CrateDB Fundamentals

Menu

What is CrateDB?

CrateDB Academy: CrateDB Fundamentals

 

This video provides a high level overview of CrateDB. You'll see what we mean by a multi-model database, how multi-model data can be queried with SQL, and we'll look at flexible data schemas and high level architecture.

What is CrateDB? CrateDB is a hyper-fast open source multi-model database combining the simplicity of SQL and flexible schemas with the scalability of a distributed architecture. CrateDB is a multi-model database. Its strength lies in the efficient handling of multiple data models within the same database and even within the same record in a table. This allows you to use one database for all structured, semi-structured and unstructured data. For example, tabular data, JSON or documents, time series, vectors, geospatial, full text and binary objects. You can create hybrid data models comprised of structured and semi-structured data all in one place.

CrateDB eliminates the need to manage and synchronise multiple database technologies and learn different languages by offering unified access via the well known SQL language. All data models are accessible via SQL, allowing for complex queries, full text and vector search. Additionally, CrateDB implements the PostgreSQL wire protocol, ensuring compatibility with the wide ecosystem of tools, libraries and drivers.

Here's an example SQL query that demonstrates the multi-model power of CrateDB. Many U.S. cities have a citizens hotline for reporting issues such as potholes in the road, street lights that don't work, and other issues. New issues are usually reported by calling 311.

As part of our data set, we have records for 311 calls made in the city of Chicago. In this SELECT query, we're asking CrateDB to tell us the four most common types of 311 call reported in an area around Chicago's O'Hare Airport. Here, locationdetails is a column of type OBJECT containing JSON data. Within that JSON data, the field location contains the latitude and longitude for the area that the issue was reported in. We're asking CrateDB to consider only calls whose location falls within the provided geopolygon representing the area around O'Hare Airport, and we want to get a count of each different type of call made from that area, returning only the four top call types. The most common call type by far is to report noise from passing aircraft. This is perhaps not surprising for an area near one of the world's busiest airports.

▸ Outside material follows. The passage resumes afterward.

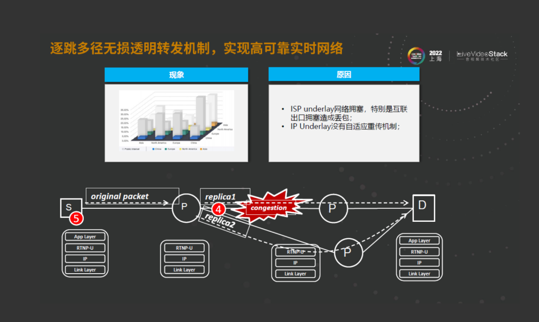 对于实时业务来说,如果出现这种场景,实时业务就没法实施了。所以也需要有一个基于underlay的基础设施的OverLay的支持性存根技术。加速节点可以主动发现在传输节点和传输节点间的丢包,这样的话先于业务发现丢包,主动缓存重传的机制可以保证传输的可靠性,就可以做到往无损的方向演进。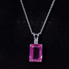 This stunning Emerald Cut Pendant Necklace, made from 14K white gold plated silver, is exactly what you need to elevate your neckline for that special occasion. It features a breathtaking 10X14 MM emerald cut lab created pink sapphire stone along with delicate Moissanite securely set in prongs, enhancing its beauty. Drawing inspiration from old world elegance, this pendant is truly a showstopper. The rabbit ear bail connects the Sapphire Solitaire Necklace to a fine cable chain. This Wedding Necklace for Bride is the perfect finishing touch for your big day. Every detail of the necklace reflects exceptional craftsmanship, making it a fantastic gift for milestones, celebrations, or simply a treat for yourself. Embrace the elegance and charm of a solitaire with this piece, an ideal choice for brides-to-be who value jewelry that beautifully blends classic and contemporary styles.

JSON data can be stored in an OBJECT field in a table in CrateDB. Object fields created with the default dynamic policy are used to store arbitrary JSON. Here, we're storing a JSON object in the locationdetails field of our 311 calls table. This object can contain any structure. In this example, we have an object containing a nested object and a couple of arrays. To ensure the best query performance, CrateDB indexes these objects automatically for us.

CrateDB can also allow flexibility in table schemas. Let's create a table to store details of Chicago's taxi drivers. Here I want to store the name and licence number as TEXT, as the licence number may contain alphanumerics, and I want a BOOLEAN field for whether or not the driver is a first aider. Note that I'm telling CrateDB to use a dynamic column policy here. This tells CrateDB that we might add or update data in ways that can change the table schema. As a side effect, this allows us to easily evolve our schema as our data changes over time.

Let's insert a record with values corresponding to the columns we specified when creating the table. I've inserted a record for myself with licence number ABC956 and a true flag for being a first aider. Inserting this second driver, we've referenced an additional column penaltypoints. This insert succeeds as we've defined the drivers table to have a dynamic column policy.

Here we've asked CrateDB to show us the CREATE TABLE statement for the taxi drivers table. Note that the table now has an extra column penaltypoints. CrateDB has inferred the type BIGINT for this column based on the data provided when our second driver was inserted. Records added before the table schema was changed will have a null value for the penaltypoints column. If you know your data schema, CrateDB's STRICT option for objects and tables enables the database to enforce it for you.

In this version of the 311 table, objects must match the declared structure to be inserted. Similarly, our table schema can be enforced using the STRICT column policy when creating the table.

Finally, let's talk about CrateDB's architecture. CrateDB is a distributed database with a shared nothing architecture. Data is stored on multiple nodes and automatically balanced across nodes in a cluster. It scales horizontally and provides high availability with self-healing characteristics. CrateDB's distributed SQL engine enables queries, aggregations, joins and full text searches with the power of Lucene to be performed efficiently at speed. CrateDB can be deployed in the cloud, at the edge, on premise or as a hybrid deployment.